When the Kroger Express toll plaza opened in August 2011, it wasn’t the first of its kind in Illinois.

It was just the first in the state, and it was the first that didn’t charge a one-time surcharge on tolls.

The $2.50 fee was supposed to cover the tolls for one-way vehicles, but when drivers began using the kiosks to pay for goods like gas, the surcharge wasn’t necessary.

“It wasn’t a cost that we felt was necessary,” says Jennifer Eichner, the executive director of the Illinois Toll Plaza Association, which represents the state’s six toll companies.

“We felt that it would provide more revenue to the state.”

Eichners group, which has about 20 representatives representing companies like the Krogers, has been pushing to remove the surcharges since the beginning of the year.

The Kroger’s decision, along with a growing trend of companies offering discounts on health care expenses, led to a surge in businesses offering discounts for health care purposes, too.

And the push for more affordable health care has spurred a slew of companies to offer discounted rates.

“People want to pay their health care bill and be able to buy things with their money,” says Jason Lippman, vice president of corporate communications for the National Federation of Independent Business.

Lippmans group is one of several representing the state toll companies, which also include companies like Bank of America and American Express.

“They are getting very, very aggressive on lowering the rates, because they think it’s a good business model,” says Eichnser.

“So we are starting to see more businesses that are offering discounts and getting the health care discount.”

While companies like Kroger and American have been doing well with the health-care discounts, some of the state companies have struggled with their health-recovery strategies.

The Illinois Toll plaza has seen a surge of new health care providers, but the group is concerned about what that could mean for consumers.

“The health care industry is in a transitional period right now,” says Lippmann.

“I would say it’s really important that they continue to be aggressive and aggressive on the consumer side.

And it’s certainly not something that the state should be doing.”

And the trend is spreading.

The number of new firms offering health care discounts for consumers has jumped from 10 in 2016 to 30 so far in 2018, according to the National Association of Insurance Commissioners.

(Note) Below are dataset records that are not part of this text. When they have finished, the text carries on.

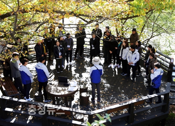 경북 칠곡군 석적읍 국립칠곡숲체원 일대에서 진흥원 직원들이 산림복지프로그램을 시연하고 있다
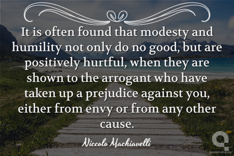 It is often found that modesty and humility not only do no good, but are positively hurtful, when they are shown to the arrogant who have taken up a prejudice against you, either from envy or from any other cause.
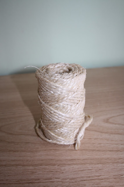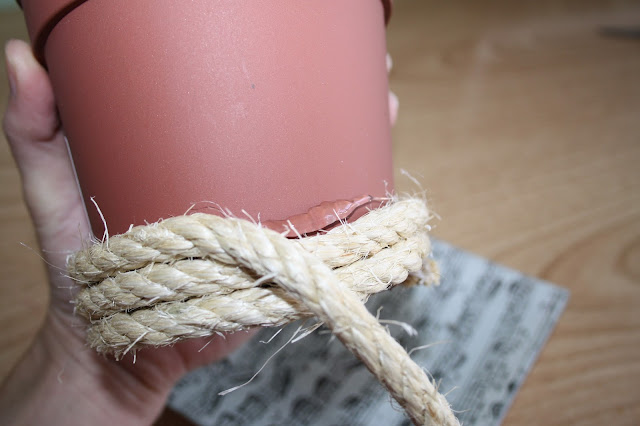 A continuación, con la cuerda más fina, seguiremos enrollando la cuerda y pegándola a la maceta.
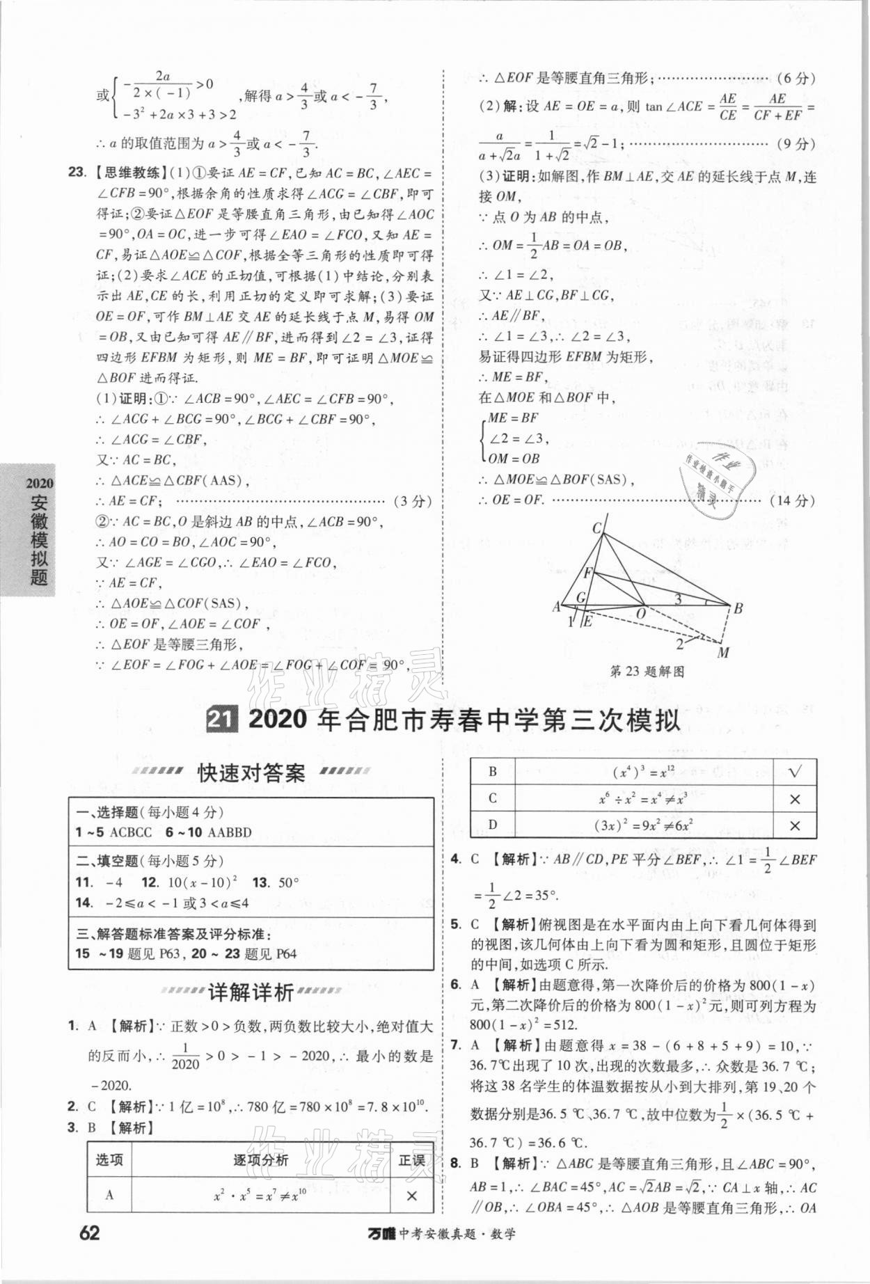 注:目前有些书本章节名称可能整理的还不是很完善,但都是按照顺序排列的,请同学们按照顺序仔细查找。练习册 2021年万唯中考安徽真题数学 答案主要是用来给同学们做完题方便对答案用的,请勿直接抄袭。

And those businesses have been taking advantage of a state law that allows them to lower their prices by up to 20% for all kinds of goods and services.

“These companies are really targeting consumers with a discount, and they are charging them a discount for a service they can’t get at a retail store,” says Laura M. Kopp, an analyst at the Kaiser Family Foundation.

“That’s the problem that they are running into.

The state is not doing enough to make sure that they have those resources to be able make that transition.”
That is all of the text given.